Recycled sci-fi saga Space Raiders (1983) is nowhere near as good as the crisps which bear its name.

The foremost example of movie adaptations of corn-based snack foods, “Space Raiders” the movie actually bears little resemblance to its crispy namesakes (probably because it predates them by about four years). It does, however, have a similar nutritional content given its primarily a concoction of reused and repurposed VFX shots and musical cues from James Horner’s all-purpose score from which he used motifs again and again from 1980 through 1986.

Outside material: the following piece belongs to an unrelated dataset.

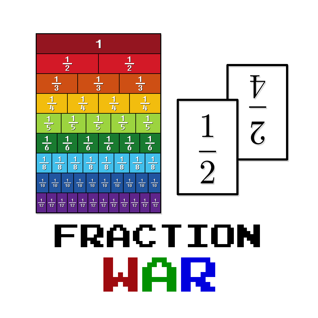 Play the traditional “War” card game with custom fraction cards.
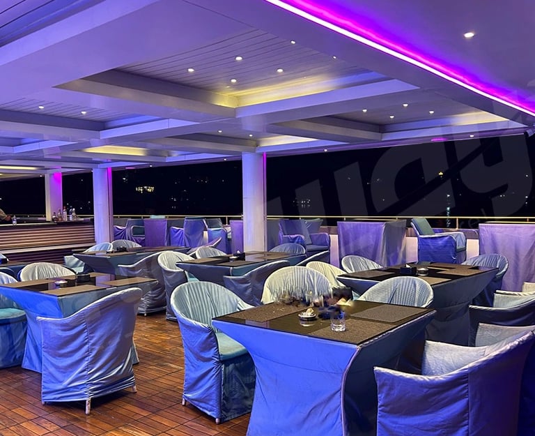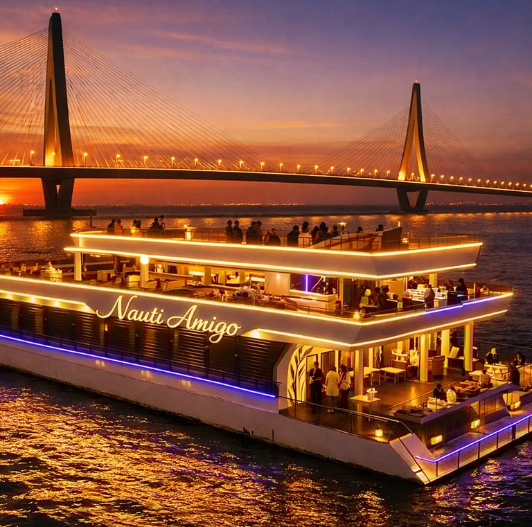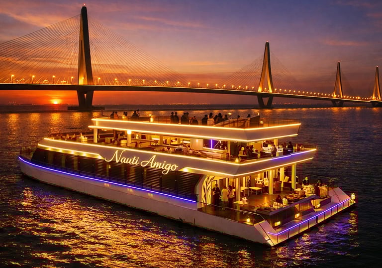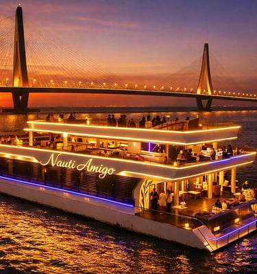 Grand Oceanic Goa offers a premium cruise experience combining scenic Mandovi River views, live DJ entertainment, and unlimited buffet dining.

One of the cheapest and tackiest movies Roger Corman ever produced, “Space Raiders” is basically a brazen remix of “Battle Beyond The Stars” which uses sizeable samples from the original and then adds in the minimum daily recommended dose of original content. And when I say original I mean, of course, deeply, deeply derivative. When a band of space pirates accidentally acquire a stowaway during a raid, they plan to ransom off the child to his interstellar company parents. But with bounty hunters hot on their trail, they soon find themselves on the run and trying to survive.

It may be cheap and cynically produced but it does at least feature some decent performances. Our dashing hero Hawk (Vince Edwards) may resemble a paunchy middle-aged Andrew Scott but he’s a decent enough lead and Peter (David Mendenhall) is a tremendously likeable example of that early eighties sci-fi staple: the space moppet. It also benefits from the presence of Thom Christopher, more well known as Buck Roger’s ally (and template for “Rick & Morty”’s Bird Person), Hawk. There a blink-and-you’ll-miss-it cameo from Dick Miller and, having spent nothing on VFX and music, the budget is ploughed into creature effects with more than a few entertainingly realised aliens, decent by contemporary and modern standards.

With its low-key sexually liberated subtext (intra-species couples are the apparent norm judging by many of the background extras), you can see elements in this that would go on to, if not directly inspire, then at least inform future (better) titles like “Spaceballs” and “Firefly”. It also shares “Blake’s 7”’s penchant for exciting shoot out and chase scenes around refineries while its final shot is that venerable touchstone of sci-fi TV and film: Vasquez Rocks.

A tawdry example of the worst habits of Corman’s oeuvre, “Space Raiders” is still inoffensive, forgettable fun. And while its predecessor (and cinematic organ donor) may have given a leg up to luminaries such as James Cameron, James Horner and Bill Paxton, perusing the cast and crew of this movie reveals that it provided a launchpad for the career of “Doctor Who” and “Sherlock” director Rachel Talalalay which is on its own worth the investment of 84 minutes.

“Space Raiders” is available on Amazon Prime.